Paige pushes back from the table, grabbing a glass and stealing some ice from the cooler, before she's off to the tap. "That's what I said. I was like, you know you're sleeping with a corpse, and all I got out of her was, 'Yeah, I know all that.' Lord, it gives me the willies just thinking about it. And the last time I talked to her, he didn't. But she said he was going to tell her. I dunno, I guess that part's not really my business. Guess he isn't either. It just hurt me, you know?" The glass fills easily enough, and she's on her way back to the table, "You know I can't stop doing my job, Jed, anymore than you can stop doing yours. I wasn't put on this earth to just let my powers rot, die off inside me or build up inside me with no release until they explode out of control. And I'm tired of playing, Jed. It doesn't even pay off. It doesn't ever pay off. And you know I tried." Which she did, when she first came. She even went out on dates and everything. Sometimes even two in a row, with the same person, before they took off running, "Besides, it's not like the family needs me to carry on the bloodline. Isaac and Paul made sure their wives popped out enough that the bloodline's covered. Jed, I'd rather be alone that always hurting." And with that, and a stab of a fork into her potato salad, she tucks into her lunch. No, she's not removing herself from the conversation at all. But come on…it's venison…in a burger. With extra cheese.
Jed picks up the burger using both hands. The left one still has a tremor, but with the support of the right, he can hold his food relatively still so he can bite into it. Ahhhhhh, damn but that's good. He lets out a soft sigh of pleasure and takes another bite as he listens to his 'niece' shaking his head again. "Ugh. Stop already, you'll put me off m'food!" But when she switches to defending her job, Jed counters, "Bullsheeit. I do what I do because I love it, because it means somethin' to me and because I'm good at it. It makes me a livin' and I like what I do. Not t'many people can say that. This job of yers, if you do it just to bleed off her powers, well hell, there's plenty o'jobs that'll do that. But this job runs you into the dirt, Paige. Makes you take drugs you oughten' need, burns you out. Now me? I can take a day off whenevers I need to, and I do." Sighing, Jed shifts forward and reaches out, laying his good hand on Paige's arm and noting, "I just don't like seein' yeh like this. T'ain't natural and you and I both knows there's gots to be a better way." Shaking his head, Jed mutters, "And damnit girl, it ain't about carrying on no bloodline. Hells, this branch of the Coulton family dies with me and I sure as hell don't give a damn. This is about you havin' somethin' fer yerself. Yer young, yer smart, yer funny, yer beautiful, and yeh deserve a man who loves yeh, hell, you just deserve better. Ahhhh, dangnabit girl, you is even more stubborn and bullheaded than me." Sighing, Jed shakes his head and waves his hand. "Well, you'll do as you please, no doubt, even if it does run yeh into an early grave. T'ain't nuthin' I can do about it if you don't bother to heed yer elders…"
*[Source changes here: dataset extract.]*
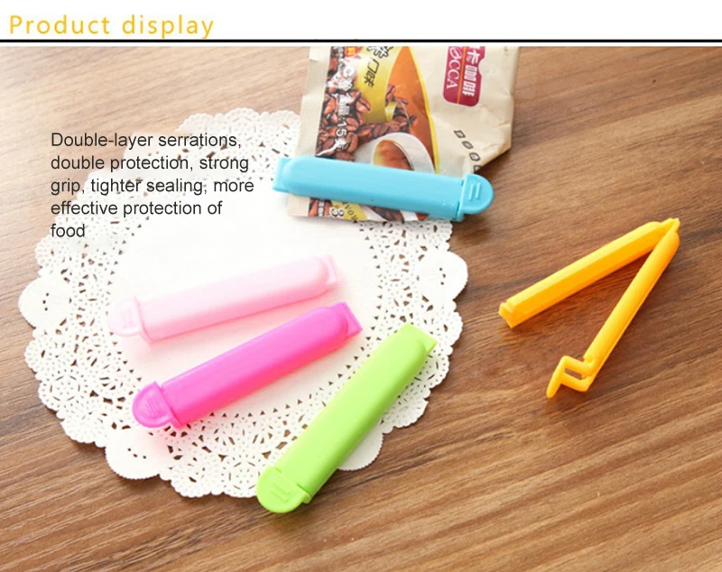 Этот уплотнительный зажим очень хорошо уплотняет, и он может плотно зафиксировать свежесть пищи, не складывая, мешок при герметизации.

"Thankfully, nothing could put me off of your cooking." Which is the truth. But she's just as happy to set aside the thought of vampire anything. Ew. And she's happy to tuck in, for a few minutes at least. "I don't love my job, I'll admit that. But it has to be done. Lord, Jed, you know what's out there. What's waiting for people when they go poking their noses around where they shouldn't. If I can keep people safe, that's what I have to do. That's what I was raised to do, I can't do anything else. Yeah, I could probably go back to being a medium, working that circuit, it's not like between you and Michael you couldn't help put me in touch with the right people, but I've gotta do something useful with my life. And that's not it." Paige sighs, reaching out to mirror the gesture of a moment before, her hand settling on Jed's arm, "You think I want to be alone, really? You think I like not having anyone to talk to, to sit out on the porch with, to go to sleep with and wake up to in the morning? But I can want that with everything inside of me, but it won't make someone magically appear." Beat. "No pun intended." Another pause, "I know you love me, Jed. And I know you only want what's best for me, but I can't make someone want me no matter how much I might want them. And I can't dwell on lacking it. I have to just live my life the best I can, not spend my life looking at other people wishing I had what they have."
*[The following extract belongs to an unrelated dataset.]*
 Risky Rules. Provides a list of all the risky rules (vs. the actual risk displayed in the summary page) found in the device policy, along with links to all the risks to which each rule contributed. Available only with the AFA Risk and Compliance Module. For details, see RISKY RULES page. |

Hmmmming softly, Jed takes up his burger again and starts to eat, talking in between bites. "Tell you what. Go find that boy, the one you was talkin' about. Get him to explain what went haywire. You owe that t'yerself. Y'can't fix somethin' if yeh don't know why it's broken. And if he's an ass, well, y'can always make it rain on his head or somethin'." Chuckling, Jed takes another bite, the juice and BBQ sauce dribbling down his chin. Not that he cares two whits, of course. "I understand. Y'got a callin'. But maybe yeh don't have to shoulder the whole burden, eh? Just try to take things a tad slower, okay? Give yer body and yer magic the rest and support it needs, don't string it out on drugs and no sleep." Finishing the burger, Jed licks his fingers unrepentantly before digging into the potato salad. "Those are good things to want, darlin. And no, you can't make someone love yeh. But just don't shut the door in their face either. Give people a chance." He shrugs and grins, noting, "Cause sometimes they're stupid and you gotta let 'em bumble about like a bee trapped in a house before they find their way out an open window or, in your case, the way in."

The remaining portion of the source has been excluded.